# AMT band saw parts



## wolfmanyoda (Apr 10, 2009)

I have an old AMT 14" band saw that has a busted bracket on the top. Not sure what the name of the bracket is, it holds the tension knob.

I've not been able to find a site for AMT parts and they're out of the tool business. One guy on another site said they are compatible with Delta pieces.

I checked out this site and part number 25 looks like it might fit my saw.

Here's the pic from mine:










So my question is have any of you had to replace AMT parts and if so, did you go with Delta parts?

Thanks


----------



## ACP (Jan 24, 2009)

Woldmanyoda, I just had to order the exact same part for my old JET 14". The thing is, all of those 14" saws are very similar or even exactly the same. AMT may be out of business, but you should be able to order the same part from delta, ridgid, jet, etc.
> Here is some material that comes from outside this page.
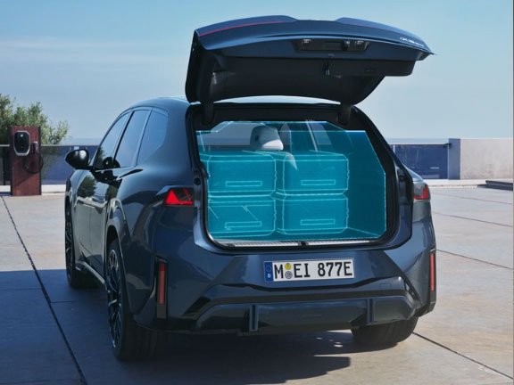 Portbagajul modelului BMW iX3 oferă o capacitate generoasă de până la 1.750 litri. Există şi un spaţiu suplimentar de 58 litri sub capotă, unde cablul de încărcare poate fi depozitat în siguranţă şi accesat uşor.

Take some measurements of it and run to a local store or shop that has one of those 14" just to compare and you should have no problem finding a match. The name of the part you are looking for is refered to by JET as the upper wheel sliding bracket. I have also seen it called the upper wheel tensioning bracket. If you google those you will also find some available online. My local Stan Houston (authorized JET dealer/repair facility) charged me $41.00 for the entire bracket, that included the upper wheel shaft hinge too. That old sand cast iron did not hold up well on my JET which I purchased used. The newer brackets appear to be of higher quality and finish. Good luck to you!


----------



## wolfmanyoda (Apr 10, 2009)

Thanks man! :thumbsup:
I was about to take a chance on ordering the Delta parts for it. First I'll check a few stores around here and see if I can get some measurements to match up.


----------



## Gerry KIERNAN (Apr 20, 2007)

That bracket could be repaired by a competent cast iron welder, and redrilled, if you have a problem finding one.

Gerry


----------



## dodgeboy77 (Mar 18, 2009)

Hmm. Doesn't look like CI to me. Looks like aluminum or pot metal.

Bill


----------



## wolfmanyoda (Apr 10, 2009)

Yeah, it's aluminum. I've ordered the parts, if they don't fit I'll return and try something new.
Thanks everyone.


----------



## Gerry KIERNAN (Apr 20, 2007)

wolfmanyoda said:


> Yeah, it's aluminum. I've ordered the parts, if they don't fit I'll return and try something new.
> Thanks everyone.


 Okay, if it's aluminum it could be welded. Another option would be one of the new super strong repair plastics.

Gerry


----------



## dbhost (Jan 28, 2008)

Yeah, those 14" C-frame band saws are on over 90% of the components the same thing. I am betting my bracket will fit your saw. And I have a Harbor Freight band saw...

They are all more or less clones of the old Delta / Rockwell 14" that are now made in Taiwan, in the same factory, on the same assembly line I bet... 

White paint is the jet, gray paint is the Delta, Orange paint is the Ridgid, Wierd shiny green paint is the HF, less wierd green paint is the Grizzly and so on...


----------